I don't like the pressure element, either. People who refuse are judged.  People who take part are judged.  I don't like that people feel they have to be 'brave' to go without make up.  I don't like the fact that it divides men and women and highlights differences between them. Men are now doing make-up selfies, where their make up is overdone and ridiculous, rather than something that accentuates their good features, hides their bad and makes them took a little younger.   Make up helps lots of women to find a voice, as Oscar Wilde said, "Give a man a mask and he will tell you the truth."

One of the big reasons it bothers me is going to be a difficult confession to make.  It's the charity thing.  Cancer Research UK didn't start the campaign, although they are not upset about the extra cash they are getting. Why would they be?  They are a huge charity that raised £460million from fundraising last year and they are big business, with a chief executive that earns about £220k a year and a further 165 of their employees earning over £60k. I have a bit of a problem with this charity's message. Last year I walked the Race for Life, wearing a T-shirt that said "Cancer we're coming to get you,"  all the time thinking, "No.  Absolutely not.  No Cancer I'm not coming to get you." I would rather the charity focused on stopping cancer coming to get me, but they do very little research on preventing cancer.  Their funds are all used for research to smash, blast, destroy cancer (and the bit of the person that it has grown in), to put people who have grown a cancer into clinical trials and to grow cancer in animals.  Personally, I'd rather fund a smaller charity that works to make the lives of people who have a problem (whether it be cancer or anything else) a little bit better. I think that probably makes me not very forward thinking.

The Archers is also bothering me.  Ruth has been tired and snappy and then Jill (her mother-in-law who is staying with them) tells her she's pregnant and doesn't get slapped and then David and Ruth are delighted.  She's had breast cancer too, so it really is an unlikely pregnancy.  Not once has either of them said, "My God, what are we going to do?  We're too old for this.  We can't do this. What's the number of the local abortion clinic?"  I just didn't believe it, which I wrote on Twitter and was told to stop listening by someone who spells Ruth as Roof and Brian as Brine.

Talking of Brian, his wife Jennifer wants a new kitchen and has approached the whole thing in a way that no woman today would.  In a scene from the 1970s Jennifer goes on strike and stops cooking for him, leaving him wandering around the kitchen in a state of panic, getting hungrier and hungrier and finally stealing a chocolate bar from his son (who is in his 40s, so it's not as bad as it sounds) before giving in.  This wouldn't work.  Brian would go to the pub, ring for a pizza delivery or get on the internet to have sandwiches delivered from the local artisan bakery/deli.  There aren't many men who can't rustle up a bacon sandwich these days.  The Jennifers of the world, who want new kitchens can't go on strike any more.  Instead, she would have dropped hints, left plans around, asked him to measure things, sought his opinion and eventually he would have ordered the kitchen she wanted because he would have thought it was his idea.


Wednesday, 19 March 2014

A Good Choir Member

As part of a lesson today I asked my class to list the skills required to be a good choir member.  I think I need to take note of some of these, as I've been tired and grumpy recently and so have been missing choir practices.

Here are some of their suggestions (I haven't corrected the spellings)

1. Go to choir practice
2. Actually sing
3. Sing the right tune
4. Sing at the same time as everyone else.
5. Sing with the same dinamiks as everyone else.  You mustn't be the loudest person.
6. Have a big mouth
7. Don't slowch
8. Watch the ductor
9. Don't muck about
10. Have fun
11. Enjoy sinning.

I think I should make the effort and go to choir again soon.  I'm particularly looking forward to number eleven.  I'm making a list of sins to start enjoying.


Sunday, 16 March 2014

Stereotypical Sartorial Elegance

So, OFSTED are at it again.
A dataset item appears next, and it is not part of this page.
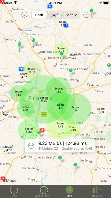 The app will upload information about every single measuring performed by the user to an online database. Users can then download all this data to the in-app map screen where a map of the user’s area Internet quality is shown. The possibility to set up filters based on radio technology or mobile operator in his country is also built in.

Teacher bashing, personal insults and comments that help no child to learn more. A school in Camden has been criticised because the teachers don't dress professionally enough. It's such a strange comment. Professionally enough implies that they are dressed in a manner suitable for their profession, which also implies they should dress in a stereotypical way.
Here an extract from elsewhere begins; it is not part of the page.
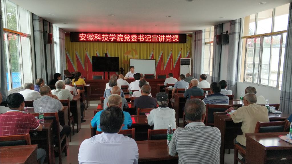 在王桥村党员活动中心,蒋德勤为村全体党员宣讲一次精彩党课。蒋德勤介绍了我校办学历史、办学特色、师资结构、区域位置、发展规划等基本情况,回顾了我校自2014年以来对王桥村定点帮扶工作开展情况和王桥村脱贫攻坚所取得的成效,系统地解读了国家脱贫攻坚的总体目标和基本方略,介绍了脱贫攻坚的制度体系建设情况和十八大以来国家和我省脱贫攻坚工作所取得的成绩。他指出,中国共产党领导是中国特色社会主义最本质的特征,中国共产党作为马克思主义政党,坚持以人民为中心,始终把为中国人民谋幸福、为中华民族谋复兴作为自己的初心和使命,除了国家、民族、人民的利益,没有任何自己的特殊利益。他希望广大党员继续提振决战决胜脱贫攻坚的信心和决心,用实际行动促进脱贫攻坚和乡村振兴的有效衔接。同时,他表示安徽科技学院将一如既往地支持王桥村的发展,为建成“产业兴旺、生态宜居、乡风文明、治理有效、生活富裕”的新王桥贡献力量。

If you ask a primary school child to draw a teacher they will invariably draw a woman in a long flowery skirt (possibly with an elasticated waistband) comfortable sandals and a nondescript top. This will happen even if their female teacher always wears trousers or a power suit and 6 inch heels or even if their teacher is a man. She will probably also have glasses.


Most teachers think very carefully about what they are going to wear: no skirts the children can look up, no tops they can look down, something that is suitable for sitting cross legged on the floor, something they can leg across the playground in when little Johnny tries to make his escape over the fence and through the school car park, something that washes well and doesn't mind having paint, glue or bodily fluids on it. After hearing that list you would think the most appropriate outfit would be overalls and trainers but no, there are standards to maintain. Smartness is the key to being taken seriously: a suit, a nice dress and cardigan, twin set and pearls or something that screams middle class affluence.

Staff and pupils criticised for being too scruffy


It seems as though OFSTED aren't talking about clothing suitable for the profession but clothing that makes teachers look like business people.

Mark Twain said, "Clothes make the man. Naked people have little or no influence." This is true but I would love to see if there is any evidence to show precisely what a teacher wears has an influence on what children learn. Children certainly notice what you are wearing, "Miss, I love your shoes, you look really pretty in that dress, oooh where did you get your earrings from?" But do my sparkly treble clef earrings help them learn anything?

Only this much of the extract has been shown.